### DESCRIPTION OF THE TASK
What you write should be an exact repeat of the lines from the one with "The updated 5" through the final line below, minus the pictures.

### DATA SHOWN
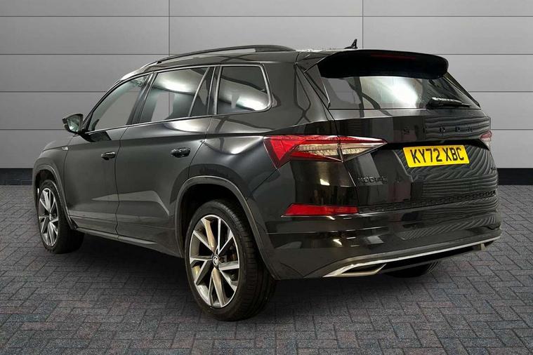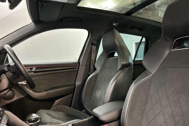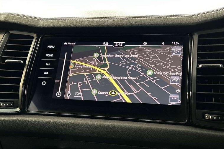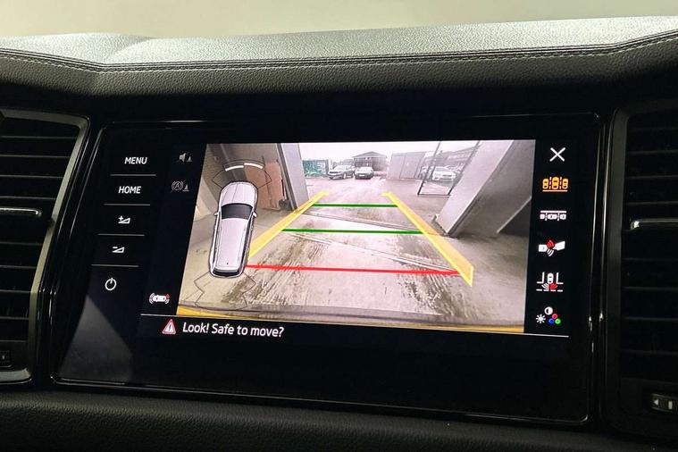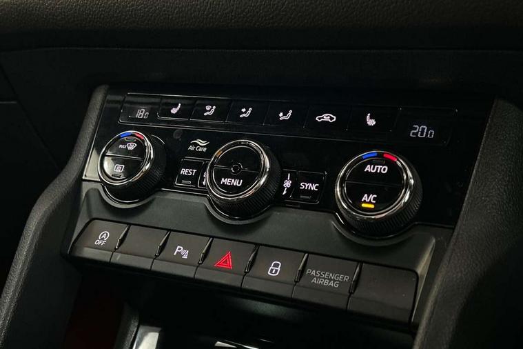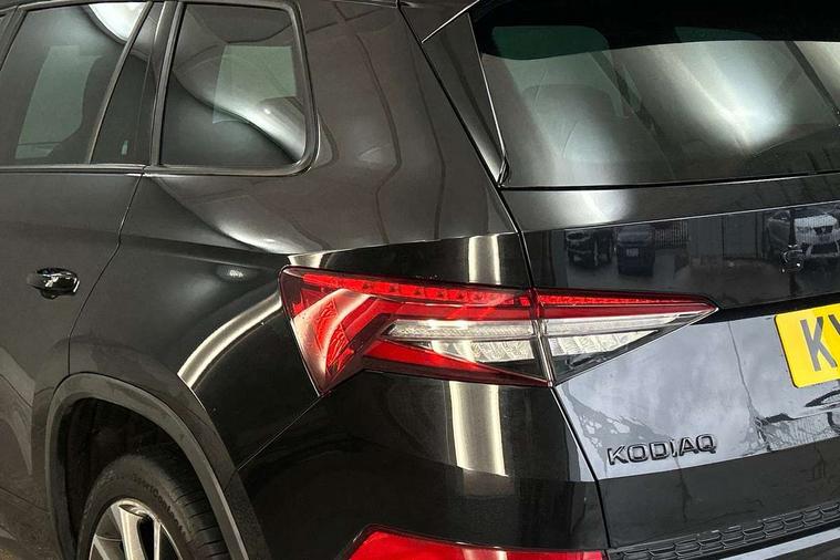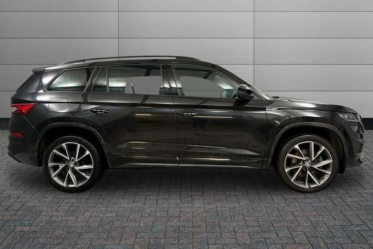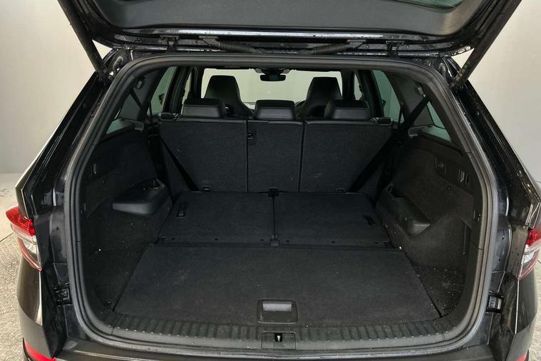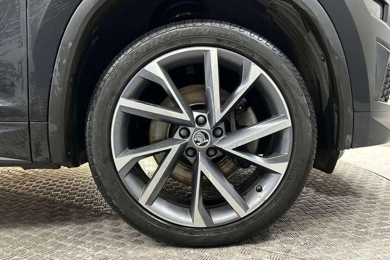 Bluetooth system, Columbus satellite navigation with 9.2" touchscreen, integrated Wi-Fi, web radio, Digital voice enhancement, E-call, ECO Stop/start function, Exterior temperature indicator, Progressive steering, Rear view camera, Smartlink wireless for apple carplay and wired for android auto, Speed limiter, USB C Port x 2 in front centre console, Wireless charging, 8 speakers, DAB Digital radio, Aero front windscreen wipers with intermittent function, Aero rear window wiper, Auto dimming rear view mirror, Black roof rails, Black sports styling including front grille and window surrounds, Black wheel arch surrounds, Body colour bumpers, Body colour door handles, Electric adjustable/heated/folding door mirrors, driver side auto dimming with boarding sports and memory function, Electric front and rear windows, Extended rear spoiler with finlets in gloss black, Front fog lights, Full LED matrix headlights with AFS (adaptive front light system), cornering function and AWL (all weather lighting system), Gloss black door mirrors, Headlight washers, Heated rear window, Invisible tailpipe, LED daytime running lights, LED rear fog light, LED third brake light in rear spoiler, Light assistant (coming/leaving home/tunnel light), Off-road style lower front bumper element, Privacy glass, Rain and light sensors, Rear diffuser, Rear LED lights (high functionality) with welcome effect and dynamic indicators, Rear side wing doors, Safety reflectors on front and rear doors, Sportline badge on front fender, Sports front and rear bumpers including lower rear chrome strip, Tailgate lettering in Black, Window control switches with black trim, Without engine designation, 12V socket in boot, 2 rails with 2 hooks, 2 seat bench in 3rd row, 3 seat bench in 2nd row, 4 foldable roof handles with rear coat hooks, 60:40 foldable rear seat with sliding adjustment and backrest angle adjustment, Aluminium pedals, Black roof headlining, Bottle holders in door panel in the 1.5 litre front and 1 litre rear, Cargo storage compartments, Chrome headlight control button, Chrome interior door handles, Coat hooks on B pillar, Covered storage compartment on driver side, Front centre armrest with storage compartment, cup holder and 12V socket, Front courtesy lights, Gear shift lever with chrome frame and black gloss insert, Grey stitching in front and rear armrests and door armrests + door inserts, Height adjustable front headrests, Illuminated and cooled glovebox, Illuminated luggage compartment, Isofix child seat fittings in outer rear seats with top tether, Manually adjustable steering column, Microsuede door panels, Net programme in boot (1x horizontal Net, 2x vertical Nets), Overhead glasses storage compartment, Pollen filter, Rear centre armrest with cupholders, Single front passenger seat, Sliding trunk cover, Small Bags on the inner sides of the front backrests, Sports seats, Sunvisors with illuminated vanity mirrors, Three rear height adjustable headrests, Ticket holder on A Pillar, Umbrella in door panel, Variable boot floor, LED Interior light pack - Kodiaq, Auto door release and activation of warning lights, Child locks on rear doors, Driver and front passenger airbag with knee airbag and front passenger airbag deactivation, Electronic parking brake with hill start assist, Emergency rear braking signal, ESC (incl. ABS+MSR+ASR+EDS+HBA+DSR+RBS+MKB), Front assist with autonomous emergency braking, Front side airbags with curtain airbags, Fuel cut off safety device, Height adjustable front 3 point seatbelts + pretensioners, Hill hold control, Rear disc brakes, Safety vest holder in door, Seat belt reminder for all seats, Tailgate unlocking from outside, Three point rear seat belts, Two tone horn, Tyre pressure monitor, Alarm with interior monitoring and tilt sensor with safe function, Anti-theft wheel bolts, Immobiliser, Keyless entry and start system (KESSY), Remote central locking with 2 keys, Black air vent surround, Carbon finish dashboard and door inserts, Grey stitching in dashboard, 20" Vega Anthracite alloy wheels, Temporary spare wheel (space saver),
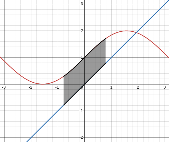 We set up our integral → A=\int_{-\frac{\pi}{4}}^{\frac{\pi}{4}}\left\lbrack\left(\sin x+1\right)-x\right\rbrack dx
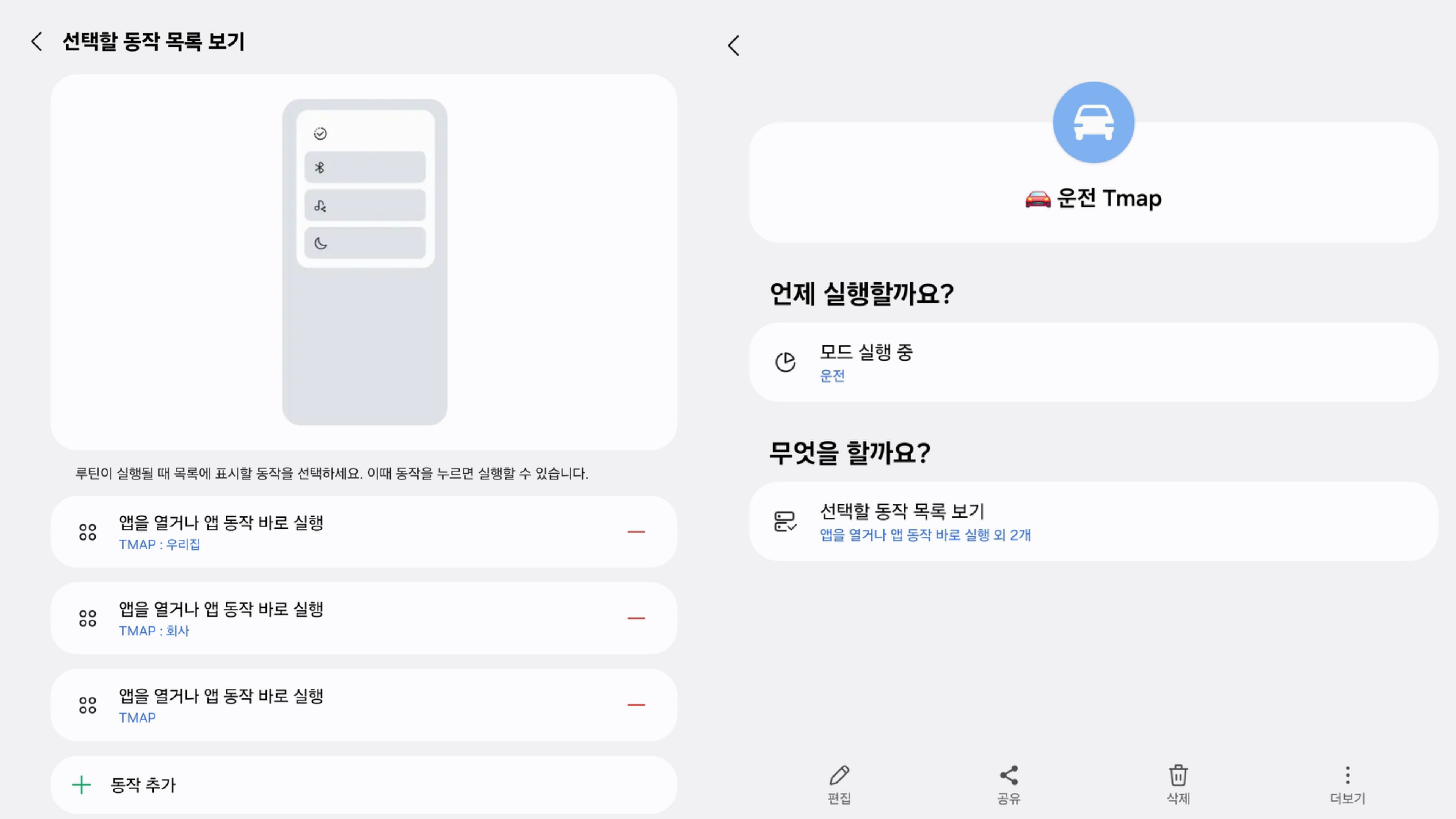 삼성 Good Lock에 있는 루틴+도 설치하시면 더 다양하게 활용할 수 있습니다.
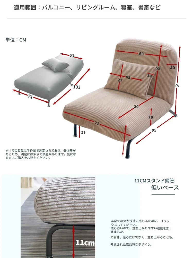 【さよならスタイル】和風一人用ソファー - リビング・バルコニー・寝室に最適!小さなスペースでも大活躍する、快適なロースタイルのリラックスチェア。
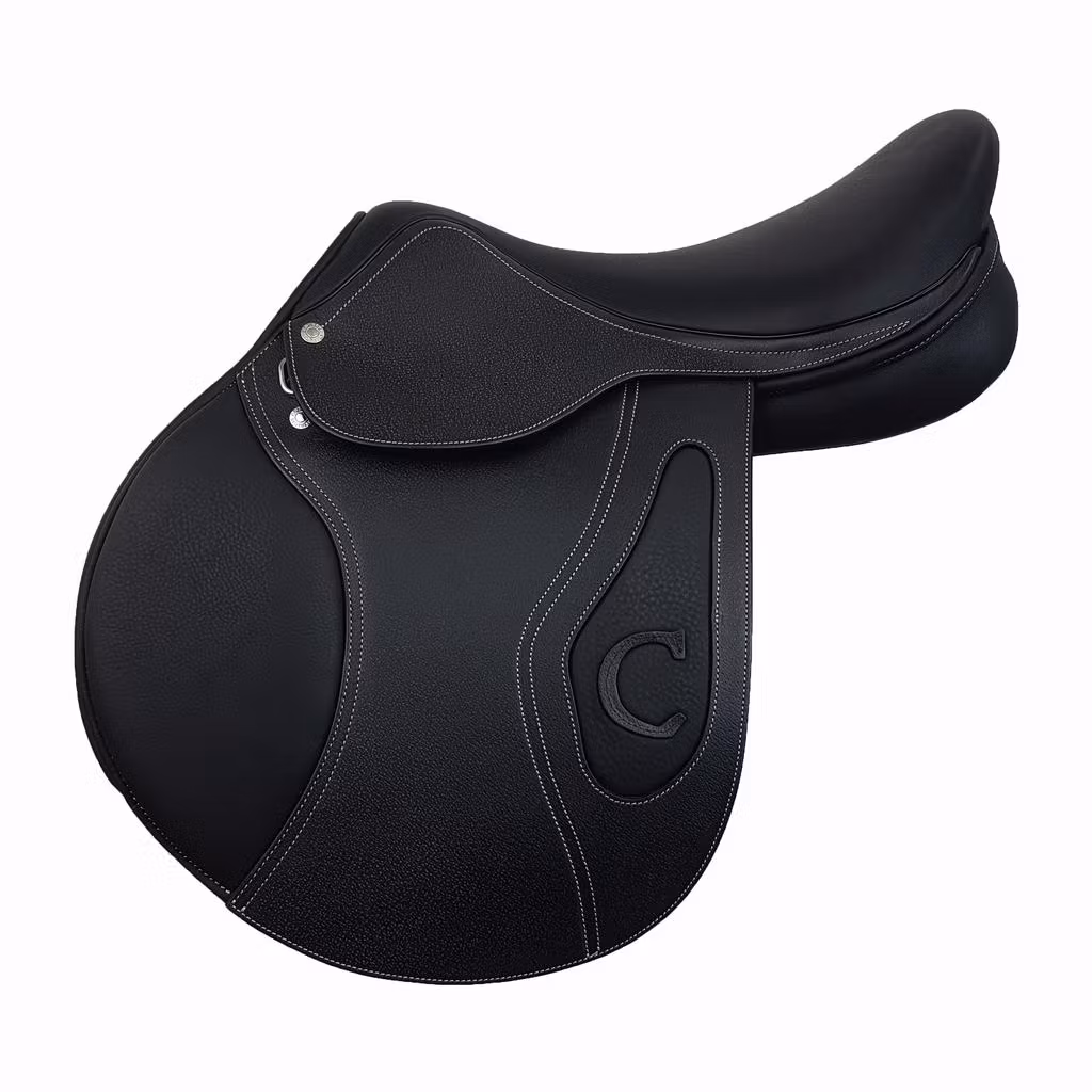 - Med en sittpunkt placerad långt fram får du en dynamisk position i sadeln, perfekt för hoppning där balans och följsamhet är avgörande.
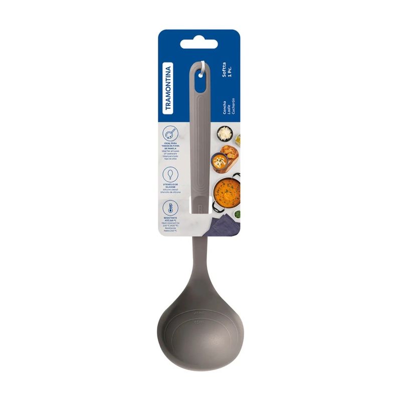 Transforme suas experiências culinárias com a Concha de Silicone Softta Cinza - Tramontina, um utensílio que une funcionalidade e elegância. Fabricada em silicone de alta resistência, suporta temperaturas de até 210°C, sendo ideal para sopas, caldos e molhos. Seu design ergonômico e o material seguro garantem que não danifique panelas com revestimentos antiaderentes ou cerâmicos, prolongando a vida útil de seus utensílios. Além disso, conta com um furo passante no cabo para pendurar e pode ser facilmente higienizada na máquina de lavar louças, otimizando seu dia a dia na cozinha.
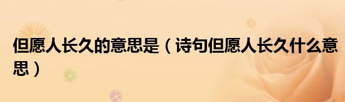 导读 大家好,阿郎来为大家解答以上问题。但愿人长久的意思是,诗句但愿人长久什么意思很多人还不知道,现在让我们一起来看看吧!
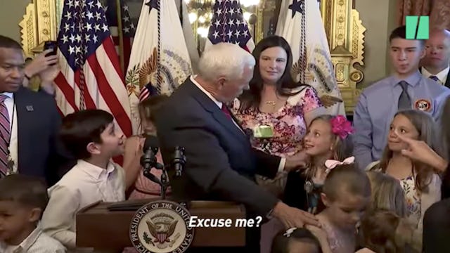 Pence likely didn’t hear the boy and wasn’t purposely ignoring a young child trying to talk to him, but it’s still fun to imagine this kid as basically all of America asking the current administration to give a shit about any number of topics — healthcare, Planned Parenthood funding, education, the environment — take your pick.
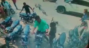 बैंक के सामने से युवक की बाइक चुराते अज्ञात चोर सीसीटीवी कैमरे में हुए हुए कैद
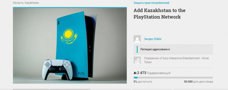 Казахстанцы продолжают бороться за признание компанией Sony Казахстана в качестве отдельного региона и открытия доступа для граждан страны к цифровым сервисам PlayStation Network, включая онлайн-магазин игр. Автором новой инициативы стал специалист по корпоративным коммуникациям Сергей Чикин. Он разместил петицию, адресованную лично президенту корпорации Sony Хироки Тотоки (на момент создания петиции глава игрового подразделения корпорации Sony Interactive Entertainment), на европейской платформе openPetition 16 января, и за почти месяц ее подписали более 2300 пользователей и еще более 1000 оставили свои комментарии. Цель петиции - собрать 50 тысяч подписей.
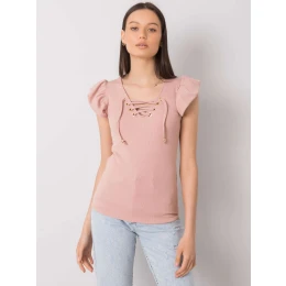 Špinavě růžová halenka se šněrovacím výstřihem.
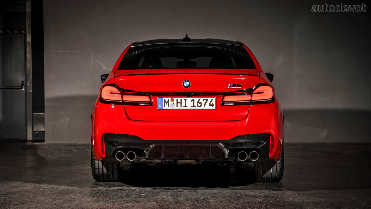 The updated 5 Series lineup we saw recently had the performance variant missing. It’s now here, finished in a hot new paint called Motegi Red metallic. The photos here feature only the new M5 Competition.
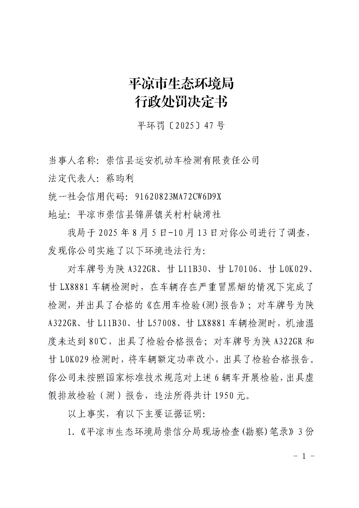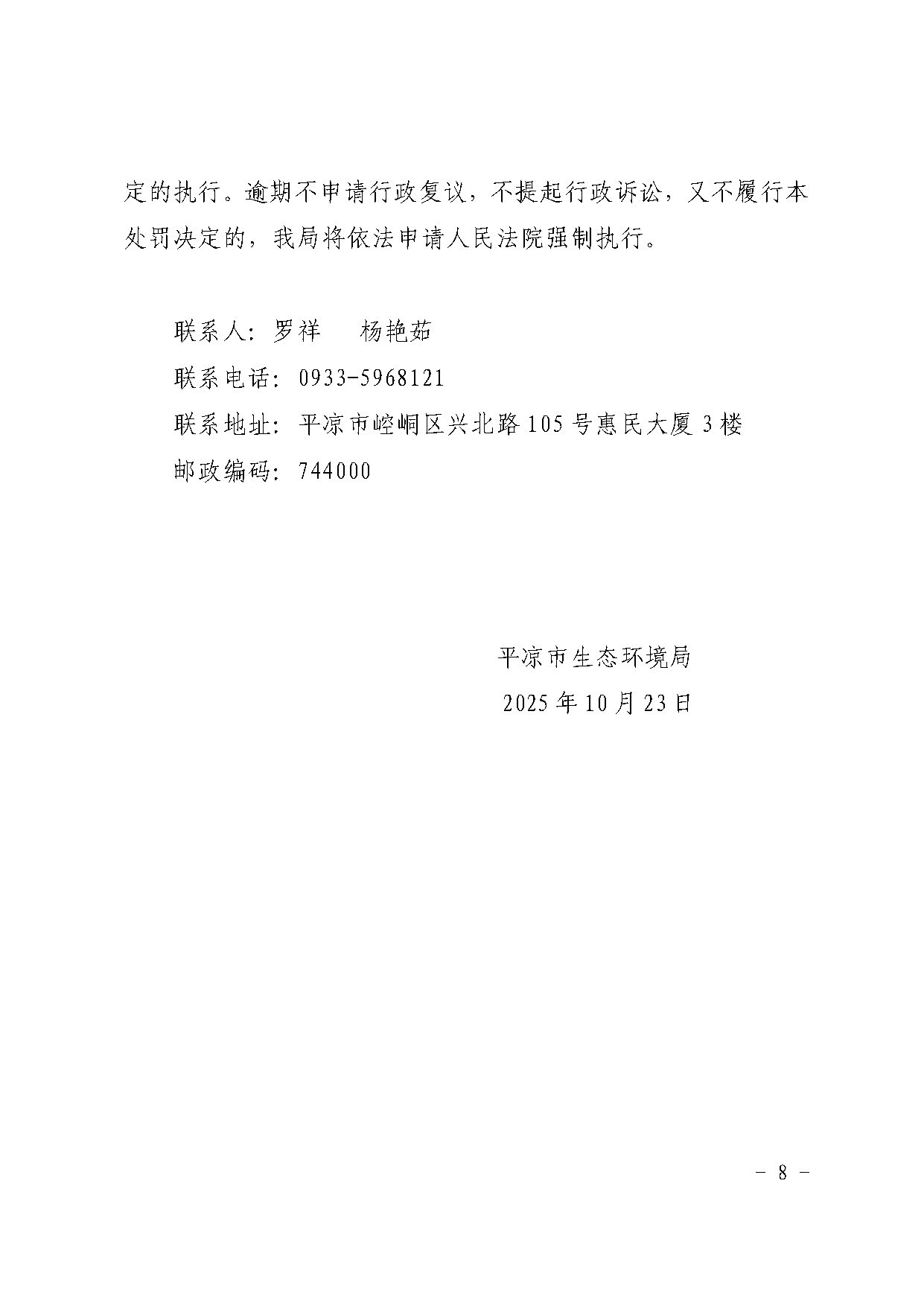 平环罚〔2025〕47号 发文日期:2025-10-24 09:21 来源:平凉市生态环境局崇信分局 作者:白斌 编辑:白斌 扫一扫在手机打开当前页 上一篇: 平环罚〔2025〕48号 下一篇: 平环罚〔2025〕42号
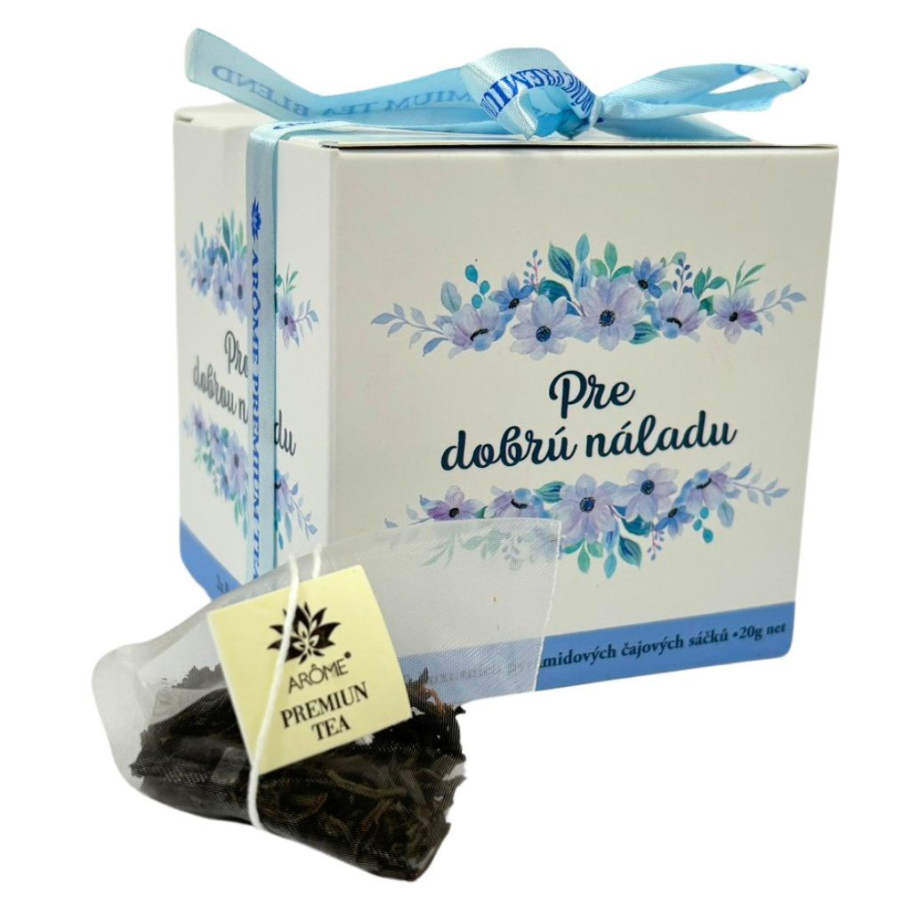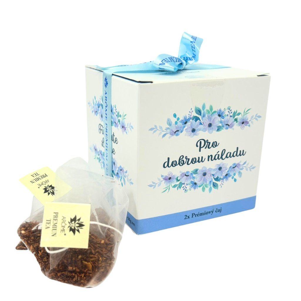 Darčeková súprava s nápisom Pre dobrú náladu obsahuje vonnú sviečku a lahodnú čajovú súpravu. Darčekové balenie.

### TASK RESULT
 The updated 5 Series lineup we saw recently had the performance variant missing. It’s now here, finished in a hot new paint called Motegi Red metallic. The photos here feature only the new M5 Competition.
 平环罚〔2025〕47号 发文日期:2025-10-24 09:21 来源:平凉市生态环境局崇信分局 作者:白斌 编辑:白斌 扫一扫在手机打开当前页 上一篇: 平环罚〔2025〕48号 下一篇: 平环罚〔2025〕42号
 Darčeková súprava s nápisom Pre dobrú náladu obsahuje vonnú sviečku a lahodnú čajovú súpravu. Darčekové balenie.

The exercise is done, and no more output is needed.